Here’s a look at the five trends that will impact the Singapore job market in 2017:
1. Hiring patterns will be consistent with the region. Ninety-three per cent of the Singapore companies surveyed for the Michael Page 2017 Singapore Salary and Employment Outlook have said that they will be increasing or maintaining headcount, in line with the Asia average from the same survey.
2. Digital, technology and healthcare are likely to be the country’s fastest-growing sectors, with the Singapore government pledging to boost investment in these areas. Recently, for example, a funding scheme was put into place to support locally-based fintech (financial technology) trials, setting the path for the sector’s growth. As a result, employers across these three sectors are likely to continue hiring actively for specific roles.
3. With more employers finding it a challenge to gain headcount approval, contracting will continue to increase in popularity as a flexible solution.

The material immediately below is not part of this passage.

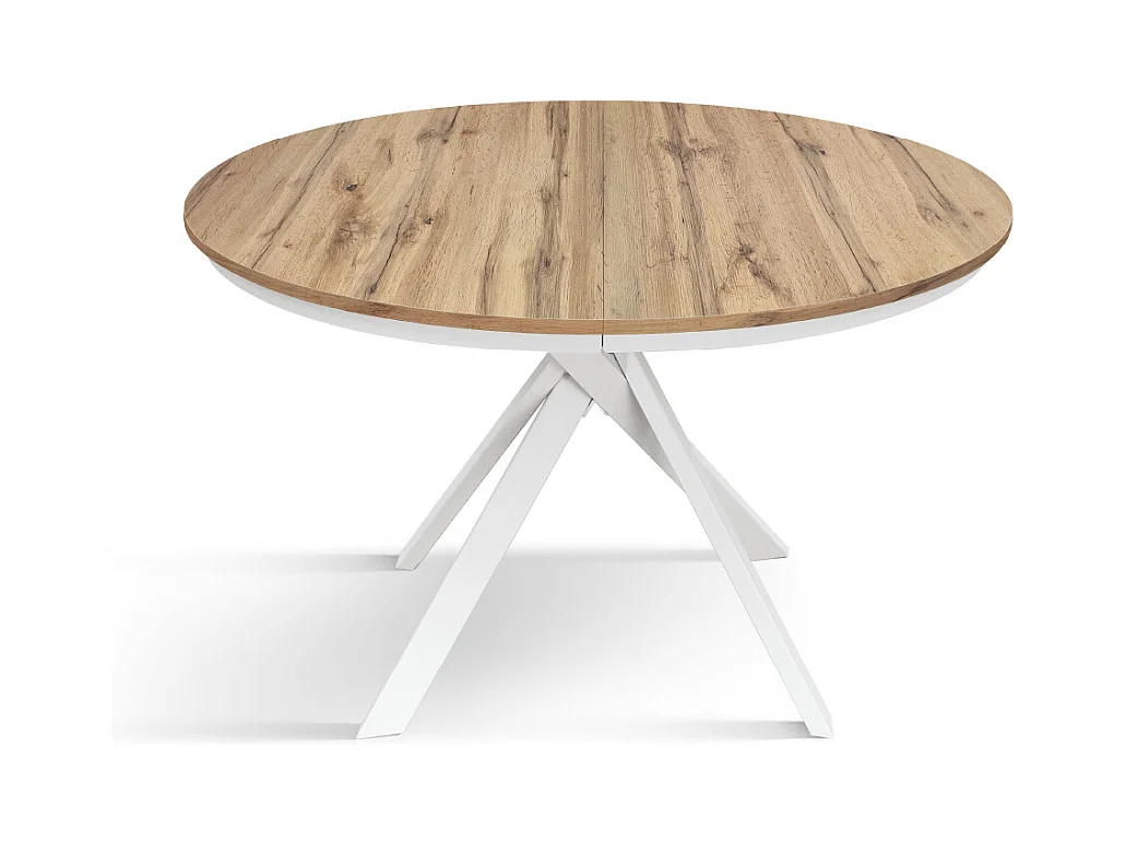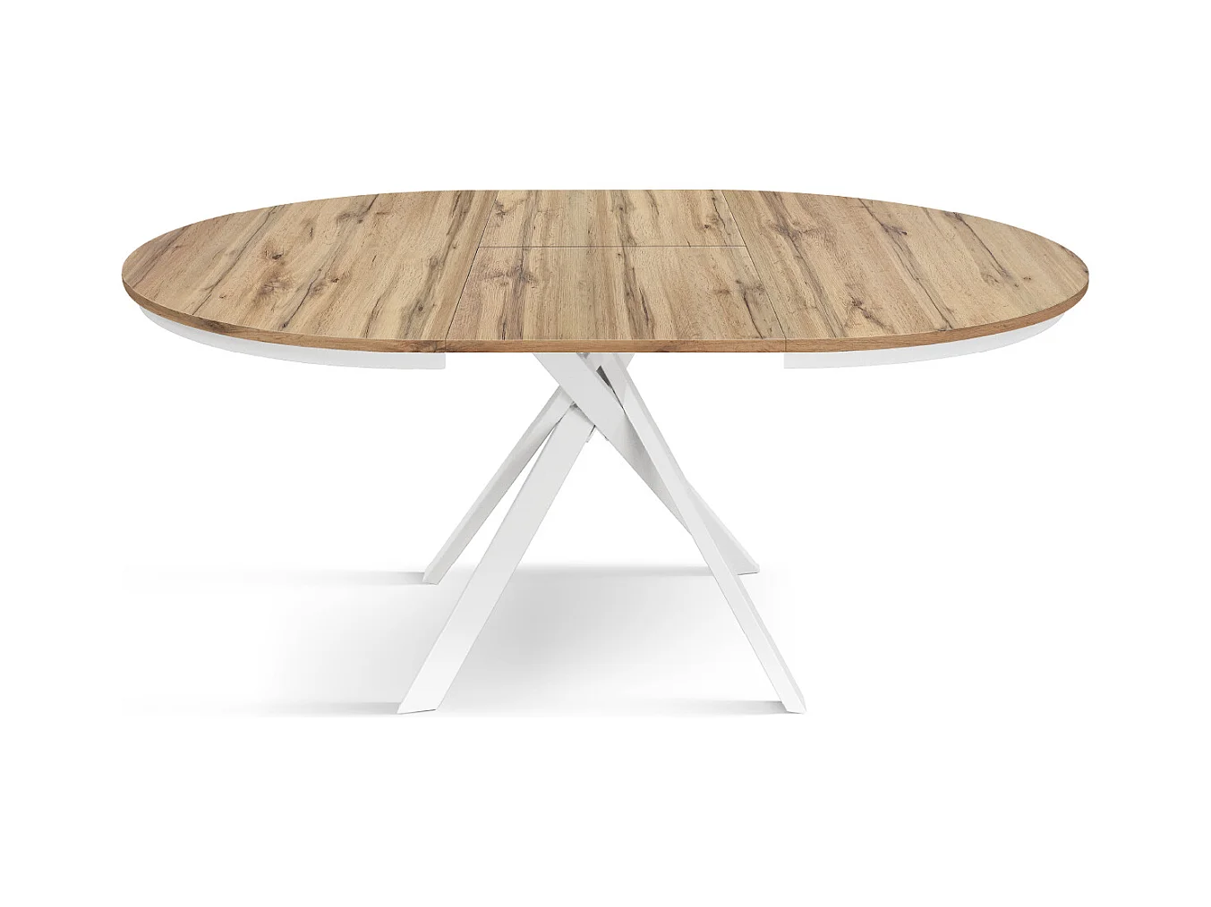 Tavolo Allungabile Gabri, Gambe Incrociate Shangay rotondo, Made in Italy, Basamento bianco, Rovere rustico

Nearly 70% of companies surveyed are already using contractors, especially in operations, technology and business support. Contracting offers flexibility in terms of headcount and budget. Through contracting, employers are also potentially able to select from a wider pool of potential candidates than would otherwise be available.
4. Certain sectors/industries will still face talent shortages. Searching for an ideal candidate to fill certain roles, for example, in the fast-moving digital sector, will continue to be an uphill battle for many companies, who require candidates with specific skills including broad geographical knowledge and clearly determined levels of work experience. Employers might not be willing to compromise, displaying a strong preference to recruit only the perfect candidate.
5. Employers will need to keep an open mind. While hiring the ideal candidate is logical from a business perspective, such an approach may not be sustainable in the long run. Not only do longer hiring processes leave potential employees frustrated, positions that are left open for extended periods may compromise business growth.
Employers may need to adopt a more open-minded approach, hiring a candidate with most – not all – the required skills and invest in his/her training and development instead. Employers also need to be aware that candidates may be more risk averse in a cautious environment and potentially reluctant to make a job change.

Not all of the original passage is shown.